By Dawn Chmielewski, Lisa Richwine and Andrea Shalal
LOS ANGELES/WASHINGTON (Reuters) -The entertainment industry reacted with alarm and bafflement on Monday after President Donald Trump said he would impose a 100% tariff on all movies produced outside the U.S., but issued few details on just how such a levy would work.
Veteran studio executives who spoke with Reuters on condition of anonymity said the announcement on Sunday left unanswered the timing of the proposed levy and how it would be enforced for an industry whose biggest-budget films are often produced across several continents.
Trump’s pronouncement followed his meeting at Mar-a-Lago with his Hollywood ambassador, actor Jon Voight, special advisor Steven Paul and media executive Scott Karol. The group mulled a range of ideas to revive domestic film and TV production, including federal tax incentives, tax code changes and imposing tariffs “in certain limited circumstances,” the group said in a statement.

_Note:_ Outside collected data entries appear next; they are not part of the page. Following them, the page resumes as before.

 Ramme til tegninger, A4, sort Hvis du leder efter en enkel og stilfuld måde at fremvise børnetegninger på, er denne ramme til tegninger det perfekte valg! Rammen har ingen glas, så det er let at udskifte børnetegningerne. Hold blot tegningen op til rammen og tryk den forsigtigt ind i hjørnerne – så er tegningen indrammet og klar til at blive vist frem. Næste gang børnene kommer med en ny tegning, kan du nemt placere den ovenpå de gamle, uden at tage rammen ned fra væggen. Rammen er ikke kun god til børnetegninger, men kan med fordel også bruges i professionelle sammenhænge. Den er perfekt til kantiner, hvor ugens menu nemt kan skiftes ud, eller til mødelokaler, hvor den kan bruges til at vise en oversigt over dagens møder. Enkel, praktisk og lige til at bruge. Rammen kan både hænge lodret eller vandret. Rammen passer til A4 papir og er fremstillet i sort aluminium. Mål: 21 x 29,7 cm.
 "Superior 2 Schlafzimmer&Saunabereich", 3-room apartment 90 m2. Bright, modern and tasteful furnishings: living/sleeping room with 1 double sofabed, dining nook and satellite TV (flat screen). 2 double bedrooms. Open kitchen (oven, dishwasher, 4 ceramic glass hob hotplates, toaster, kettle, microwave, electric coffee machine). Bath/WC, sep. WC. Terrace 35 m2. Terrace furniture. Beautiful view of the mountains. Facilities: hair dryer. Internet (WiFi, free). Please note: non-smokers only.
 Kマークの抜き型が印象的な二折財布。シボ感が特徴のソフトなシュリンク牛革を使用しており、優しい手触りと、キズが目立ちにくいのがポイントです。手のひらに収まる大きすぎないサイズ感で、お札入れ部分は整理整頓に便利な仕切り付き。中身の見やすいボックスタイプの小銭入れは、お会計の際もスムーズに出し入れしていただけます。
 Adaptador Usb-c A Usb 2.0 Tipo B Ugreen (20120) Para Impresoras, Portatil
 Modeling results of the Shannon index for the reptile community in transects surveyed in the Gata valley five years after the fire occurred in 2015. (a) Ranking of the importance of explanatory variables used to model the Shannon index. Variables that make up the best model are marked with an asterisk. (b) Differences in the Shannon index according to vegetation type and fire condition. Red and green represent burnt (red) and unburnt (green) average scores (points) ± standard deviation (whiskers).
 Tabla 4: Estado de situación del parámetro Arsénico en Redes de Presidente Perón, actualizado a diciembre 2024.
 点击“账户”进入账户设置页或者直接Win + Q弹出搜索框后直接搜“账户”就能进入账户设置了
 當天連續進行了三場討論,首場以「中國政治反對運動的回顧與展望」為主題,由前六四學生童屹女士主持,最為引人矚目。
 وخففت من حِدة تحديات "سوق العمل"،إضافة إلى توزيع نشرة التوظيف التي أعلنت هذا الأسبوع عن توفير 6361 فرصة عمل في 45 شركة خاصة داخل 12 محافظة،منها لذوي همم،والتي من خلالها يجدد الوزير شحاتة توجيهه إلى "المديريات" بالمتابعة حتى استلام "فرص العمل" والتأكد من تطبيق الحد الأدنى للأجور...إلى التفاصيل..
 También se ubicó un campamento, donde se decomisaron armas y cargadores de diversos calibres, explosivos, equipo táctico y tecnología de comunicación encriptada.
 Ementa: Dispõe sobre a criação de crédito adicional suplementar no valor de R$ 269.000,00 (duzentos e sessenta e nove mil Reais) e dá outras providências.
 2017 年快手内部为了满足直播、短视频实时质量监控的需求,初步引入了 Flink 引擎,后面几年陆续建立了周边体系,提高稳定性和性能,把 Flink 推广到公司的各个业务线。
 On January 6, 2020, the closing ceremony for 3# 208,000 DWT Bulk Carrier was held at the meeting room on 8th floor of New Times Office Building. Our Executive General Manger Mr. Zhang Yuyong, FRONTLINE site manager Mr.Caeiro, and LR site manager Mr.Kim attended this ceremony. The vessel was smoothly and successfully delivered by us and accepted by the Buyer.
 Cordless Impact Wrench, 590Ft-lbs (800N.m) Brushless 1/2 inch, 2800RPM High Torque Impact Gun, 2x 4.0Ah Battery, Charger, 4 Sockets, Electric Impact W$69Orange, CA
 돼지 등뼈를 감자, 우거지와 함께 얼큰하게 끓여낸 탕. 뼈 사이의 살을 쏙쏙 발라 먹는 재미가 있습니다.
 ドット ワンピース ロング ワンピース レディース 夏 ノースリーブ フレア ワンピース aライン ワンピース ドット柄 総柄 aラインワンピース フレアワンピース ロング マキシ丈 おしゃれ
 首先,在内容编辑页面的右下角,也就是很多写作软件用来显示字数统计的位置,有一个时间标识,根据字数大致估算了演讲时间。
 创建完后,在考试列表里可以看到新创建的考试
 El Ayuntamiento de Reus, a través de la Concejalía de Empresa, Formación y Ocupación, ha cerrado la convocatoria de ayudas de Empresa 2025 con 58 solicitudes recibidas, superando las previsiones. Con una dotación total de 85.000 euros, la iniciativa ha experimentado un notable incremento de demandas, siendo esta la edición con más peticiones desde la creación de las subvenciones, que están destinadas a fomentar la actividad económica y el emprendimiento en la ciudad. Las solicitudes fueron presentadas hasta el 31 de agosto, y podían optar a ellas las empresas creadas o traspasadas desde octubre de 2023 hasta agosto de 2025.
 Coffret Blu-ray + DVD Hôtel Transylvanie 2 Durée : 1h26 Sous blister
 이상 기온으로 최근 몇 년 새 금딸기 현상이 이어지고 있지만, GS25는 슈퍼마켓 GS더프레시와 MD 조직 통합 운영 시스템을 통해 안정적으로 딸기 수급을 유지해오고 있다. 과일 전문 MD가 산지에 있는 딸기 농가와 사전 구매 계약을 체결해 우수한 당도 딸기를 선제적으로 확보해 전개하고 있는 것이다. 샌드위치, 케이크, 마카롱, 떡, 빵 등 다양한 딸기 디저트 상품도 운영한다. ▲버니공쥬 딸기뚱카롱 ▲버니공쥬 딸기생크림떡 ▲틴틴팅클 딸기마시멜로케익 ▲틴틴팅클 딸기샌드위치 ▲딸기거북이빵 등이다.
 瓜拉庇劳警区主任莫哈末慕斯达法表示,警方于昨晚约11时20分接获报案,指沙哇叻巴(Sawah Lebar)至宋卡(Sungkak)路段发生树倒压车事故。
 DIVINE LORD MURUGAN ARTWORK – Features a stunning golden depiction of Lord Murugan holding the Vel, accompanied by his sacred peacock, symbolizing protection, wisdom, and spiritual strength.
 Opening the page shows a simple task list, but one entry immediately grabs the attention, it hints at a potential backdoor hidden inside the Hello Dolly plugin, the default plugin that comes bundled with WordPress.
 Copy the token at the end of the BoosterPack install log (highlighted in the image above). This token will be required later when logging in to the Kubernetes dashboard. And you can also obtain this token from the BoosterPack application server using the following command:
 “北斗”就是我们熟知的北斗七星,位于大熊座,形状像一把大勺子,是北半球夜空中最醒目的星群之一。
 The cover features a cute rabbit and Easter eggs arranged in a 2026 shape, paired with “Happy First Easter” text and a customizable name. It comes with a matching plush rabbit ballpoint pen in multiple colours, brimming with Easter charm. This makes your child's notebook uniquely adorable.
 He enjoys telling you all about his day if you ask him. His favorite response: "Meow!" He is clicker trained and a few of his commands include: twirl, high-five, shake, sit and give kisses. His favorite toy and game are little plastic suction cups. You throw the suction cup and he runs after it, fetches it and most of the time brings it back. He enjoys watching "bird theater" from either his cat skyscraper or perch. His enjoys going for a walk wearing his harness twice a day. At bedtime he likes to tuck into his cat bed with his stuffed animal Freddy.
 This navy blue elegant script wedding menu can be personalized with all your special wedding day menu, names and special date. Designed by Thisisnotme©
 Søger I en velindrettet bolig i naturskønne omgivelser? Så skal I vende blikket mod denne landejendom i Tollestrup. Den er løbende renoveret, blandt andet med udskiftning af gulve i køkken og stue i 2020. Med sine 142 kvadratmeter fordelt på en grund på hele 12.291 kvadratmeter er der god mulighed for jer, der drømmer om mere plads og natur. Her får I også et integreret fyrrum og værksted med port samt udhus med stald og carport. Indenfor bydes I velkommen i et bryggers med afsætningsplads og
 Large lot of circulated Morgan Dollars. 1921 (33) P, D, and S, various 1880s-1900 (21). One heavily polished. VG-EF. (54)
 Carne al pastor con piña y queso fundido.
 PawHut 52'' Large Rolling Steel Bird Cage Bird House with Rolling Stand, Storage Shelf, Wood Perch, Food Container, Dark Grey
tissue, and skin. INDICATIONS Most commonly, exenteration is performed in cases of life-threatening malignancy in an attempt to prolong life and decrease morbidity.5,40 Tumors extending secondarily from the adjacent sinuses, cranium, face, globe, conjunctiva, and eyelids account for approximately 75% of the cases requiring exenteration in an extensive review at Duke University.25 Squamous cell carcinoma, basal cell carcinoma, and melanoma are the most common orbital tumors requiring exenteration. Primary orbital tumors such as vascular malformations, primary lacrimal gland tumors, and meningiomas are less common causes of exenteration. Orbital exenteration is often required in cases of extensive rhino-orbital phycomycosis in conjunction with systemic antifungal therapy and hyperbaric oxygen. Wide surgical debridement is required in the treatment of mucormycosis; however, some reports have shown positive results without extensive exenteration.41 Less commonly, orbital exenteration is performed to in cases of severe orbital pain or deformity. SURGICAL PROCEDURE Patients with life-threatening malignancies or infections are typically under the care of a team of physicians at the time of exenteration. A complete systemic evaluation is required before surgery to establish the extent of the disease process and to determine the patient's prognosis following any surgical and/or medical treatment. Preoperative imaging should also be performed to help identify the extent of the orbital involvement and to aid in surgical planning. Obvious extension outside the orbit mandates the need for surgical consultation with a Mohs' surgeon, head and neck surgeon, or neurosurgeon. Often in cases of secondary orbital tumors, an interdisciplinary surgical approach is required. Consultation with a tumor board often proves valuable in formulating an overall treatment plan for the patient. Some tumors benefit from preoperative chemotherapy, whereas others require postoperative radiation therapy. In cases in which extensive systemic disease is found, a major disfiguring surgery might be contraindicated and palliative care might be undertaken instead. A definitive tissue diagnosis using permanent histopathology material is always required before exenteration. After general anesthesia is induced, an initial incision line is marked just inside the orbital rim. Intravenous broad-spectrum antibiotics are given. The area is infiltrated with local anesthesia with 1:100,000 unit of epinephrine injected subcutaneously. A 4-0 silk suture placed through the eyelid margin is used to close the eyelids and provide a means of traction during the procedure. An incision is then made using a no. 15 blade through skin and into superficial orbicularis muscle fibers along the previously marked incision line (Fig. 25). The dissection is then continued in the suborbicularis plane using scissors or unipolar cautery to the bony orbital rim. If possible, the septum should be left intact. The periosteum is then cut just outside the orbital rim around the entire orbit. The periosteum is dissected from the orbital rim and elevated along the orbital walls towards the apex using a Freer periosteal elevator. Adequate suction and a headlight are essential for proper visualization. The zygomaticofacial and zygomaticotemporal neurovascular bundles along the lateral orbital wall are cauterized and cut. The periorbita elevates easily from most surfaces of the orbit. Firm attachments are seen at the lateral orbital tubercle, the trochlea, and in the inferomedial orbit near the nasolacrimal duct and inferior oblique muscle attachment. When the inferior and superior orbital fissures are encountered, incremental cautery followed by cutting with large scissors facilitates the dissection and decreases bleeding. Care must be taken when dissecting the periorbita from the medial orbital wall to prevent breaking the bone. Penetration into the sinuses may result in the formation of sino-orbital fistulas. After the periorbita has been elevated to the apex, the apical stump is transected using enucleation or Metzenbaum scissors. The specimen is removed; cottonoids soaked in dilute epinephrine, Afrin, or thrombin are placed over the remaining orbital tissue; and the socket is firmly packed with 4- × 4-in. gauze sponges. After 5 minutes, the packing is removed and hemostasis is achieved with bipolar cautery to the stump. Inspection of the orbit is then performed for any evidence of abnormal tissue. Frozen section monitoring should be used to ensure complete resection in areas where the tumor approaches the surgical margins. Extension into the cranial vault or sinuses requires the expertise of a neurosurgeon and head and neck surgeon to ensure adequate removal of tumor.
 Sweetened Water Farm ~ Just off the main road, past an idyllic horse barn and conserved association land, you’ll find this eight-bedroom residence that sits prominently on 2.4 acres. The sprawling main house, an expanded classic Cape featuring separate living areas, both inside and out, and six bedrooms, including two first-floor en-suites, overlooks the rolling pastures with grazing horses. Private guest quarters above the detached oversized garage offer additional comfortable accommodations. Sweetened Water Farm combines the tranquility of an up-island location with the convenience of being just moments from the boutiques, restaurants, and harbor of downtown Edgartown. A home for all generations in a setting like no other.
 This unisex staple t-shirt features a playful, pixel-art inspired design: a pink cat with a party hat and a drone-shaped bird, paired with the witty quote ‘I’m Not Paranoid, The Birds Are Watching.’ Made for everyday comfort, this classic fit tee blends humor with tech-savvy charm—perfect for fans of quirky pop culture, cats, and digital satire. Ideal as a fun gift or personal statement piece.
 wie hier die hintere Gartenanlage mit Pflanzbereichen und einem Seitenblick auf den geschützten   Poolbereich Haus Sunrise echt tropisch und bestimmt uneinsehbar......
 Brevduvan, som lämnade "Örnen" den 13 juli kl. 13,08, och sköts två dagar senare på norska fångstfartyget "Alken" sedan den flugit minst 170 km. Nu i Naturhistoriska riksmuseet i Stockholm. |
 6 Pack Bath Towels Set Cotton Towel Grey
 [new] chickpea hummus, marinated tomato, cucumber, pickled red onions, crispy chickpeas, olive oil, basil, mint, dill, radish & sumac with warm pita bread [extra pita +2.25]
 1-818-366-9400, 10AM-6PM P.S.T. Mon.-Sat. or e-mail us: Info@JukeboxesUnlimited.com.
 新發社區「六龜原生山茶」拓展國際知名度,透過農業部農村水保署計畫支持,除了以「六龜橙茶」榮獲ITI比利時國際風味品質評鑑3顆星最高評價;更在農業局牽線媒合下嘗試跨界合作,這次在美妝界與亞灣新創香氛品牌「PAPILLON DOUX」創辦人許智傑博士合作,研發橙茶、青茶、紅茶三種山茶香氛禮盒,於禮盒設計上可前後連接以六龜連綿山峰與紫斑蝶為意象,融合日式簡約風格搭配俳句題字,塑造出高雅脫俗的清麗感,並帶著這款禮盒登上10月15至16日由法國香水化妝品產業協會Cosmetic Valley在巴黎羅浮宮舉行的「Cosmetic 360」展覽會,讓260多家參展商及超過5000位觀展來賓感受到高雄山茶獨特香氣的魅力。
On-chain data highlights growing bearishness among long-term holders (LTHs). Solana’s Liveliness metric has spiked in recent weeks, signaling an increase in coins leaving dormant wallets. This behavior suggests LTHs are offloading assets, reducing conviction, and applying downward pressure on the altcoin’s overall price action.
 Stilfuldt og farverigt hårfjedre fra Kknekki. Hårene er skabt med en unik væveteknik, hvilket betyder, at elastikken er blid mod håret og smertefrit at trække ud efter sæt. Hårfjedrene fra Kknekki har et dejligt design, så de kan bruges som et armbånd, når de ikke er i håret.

Slapping levies on an industry like film would mark a major extension of tariffs as a policy tool into services, for which the U.S. runs a sizable trade surplus. And like the auto, pharmaceutical and chip industries before it, Trump’s declaration threatens to put another business in a tariff-induced state of limbo.
The industry has been pressing for tax incentives to boost output in Los Angeles, the movie industry’s glitzy historic hub of cinema, as studios have shifted production to locations such as the UK, Canada and Australia to take advantage of generous tax credits and lower labor costs. A survey among studio executives over their preferred production locations for 2025 to 2026 by ProdPro showed the top five choices were all elsewhere.
The White House’s trade policy is aimed at boosting U.S. industrial activity, but the series of levies and rollbacks has sapped consumer and business confidence.
Tariffs on movies might prove particularly hard to implement.
One studio executive compared movie production to auto manufacturing, with various pieces – filming, visual effects and other elements – completed around the world, then assembled, through post-production, in the U.S. Some executives wondered whether the levy would apply only to the work done elsewhere, or attach to projects jointly financed by foreign investors.
Producer Todd Garner said proposed tariffs could have the unintended consequence of stymieing creativity. He cited director Steven Spielberg’s acclaimed World War II epic on the invasion of Normandy, France, “Saving Private Ryan.”